EPA's Holds Clean Power Plan Hearings In DC, Atlanta, Denver, and Pittsburgh

EPA kicked off hearings this week in four cities on its proposed carbon pollution standards for the nation's 1500 power plants.  Hundreds of concerned citizens are turning out at each hearing to raise their voices for action.  A team of NRDC analysts and activists are testifying.  Here are my remarks delivered on Tuesday, and links to my colleagues'.  

Thank you for the opportunity to speak today on behalf of the Natural Resources Defense Council’s 1.4 million members and online activists in support of EPA’s Clean Power Plan, the proposed standards to limit carbon pollution from existing power plants.  Several of my NRDC colleagues will testify during the course of these hearings, and we will address different aspects of the proposal.

EPA’s proposal is a giant leap forward in implementing President Obama’s Climate Action Plan, announced in June 2013.  “The question,” the president said then, “is whether we will have the courage to act before it’s too late.  And how we answer will have a profound impact on the world we leave behind not just to you, but to your children and to your grandchildren.  As a President, as a father, and as an American, I am here to say we need to act.”

The President set out a specific timetable for EPA to propose and promulgate standards under the Clean Air Act to limit carbon pollution from the nation’s more than 1500 existing power plants.  Power plants are the most important place to act, because they are responsible for nearly 40 percent of the nation’s carbon pollution.   Power plants are responsible for more than two billion tons of carbon dioxide (CO2) pollution each year.  

Limiting the carbon pollution from the nation’s existing power plants is the single most important thing our nation can do to fight climate change. 

We limit all of the other air pollutants that come from power plants – the sulfur and nitrogen compounds that form dangerous soot and smog, as well as mercury and dozens of other hazardous air pollutants.  But there are no federal limits on the carbon pollution that drives dangerous climate change, threatening our health and well-being, and the health and well-being of our children, grandchildren, and future generations. 

So NRDC applauds EPA for proposing these standards.  With hundreds of thousands of others, NRDC’s members are raising their voices in strong support for what you are doing.  And we are already working with state and local officials, power companies, and other stakeholders across the country to begin developing smart and flexible state plans that advance energy efficiency and clean energy sources, to protect our health and our future while creating jobs and reducing electric bills. 

The carbon pollution reductions these standards will achieve – 26% below 2005 levels by 2020, 30% below 2005 levels by 2030 – are substantial.  In our view, even larger reductions are achievable cost-effectively in these time periods.  We will have more to say later in these hearings, and in detailed written comments, on the opportunity to achieve greater carbon pollution reductions than EPA has proposed – bringing even greater public health and climate protection benefits to the American people. 

EPA’s legal authority and responsibility to curb carbon pollution under the Clean Air Act is rock solid.  The Supreme Court has upheld EPA’s authority to curb carbon pollution three times:  in Massachusetts v.
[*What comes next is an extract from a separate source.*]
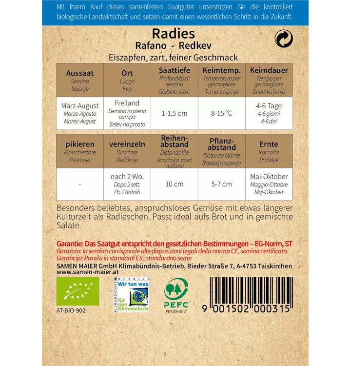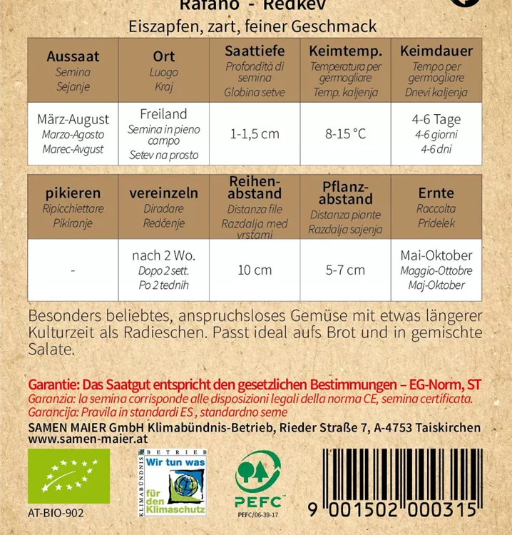 Besonders beliebtes, anspruchsloses Gemüse mit etwas längerer Kulturzeit als Radieschen. Passt ideal aufs Brot und in gemischte Salate.

EPA in 2007, in American Electric Power v. Connecticut in 2011, and again last month in UARG v. EPA

Under Section 111(d), EPA is on solid ground in proposing state-specific targets that recognize differences in how power is generated across the country.  EPA is on solid ground in setting targets based on the reductions achievable using the range of methods available across the electricity system to reduce power plant carbon emissions.  These methods include (1) cleaning up existing plants, (2) using cleaner resources more intensively, (3) expanding zero-emitting generation, and (4) reducing energy waste.  Each of these four “building blocks” effectively reduces the emissions of affected facilities.  And EPA is also on solid ground giving states and the affected facilities substantial flexibility to achieve the applicable performance target through different combinations of measures than those EPA used to set that target. 

Contrary to some, there is nothing in the statutory language that limits the EPA to consider only measures implemented at each affected source itself when setting the level of emission reduction required by the Section 111(d) guidelines.  To the contrary, the term “best system of emission reduction” and other features of the statutory language indicate EPA’s discretion to set targets based on the reductions achievable using the full range of measures available across the electricity system. 

In sum, we strongly support the steps EPA is taking under the Climate Action Plan and the Clean Air Act to place meaningful, first-ever limits on the carbon pollution from existing power plants.  And we look forward to continuing collaboration with states, industry, and other key stakeholders to craft and implement strong, effective carbon pollution standards to protect our health and our children’s future.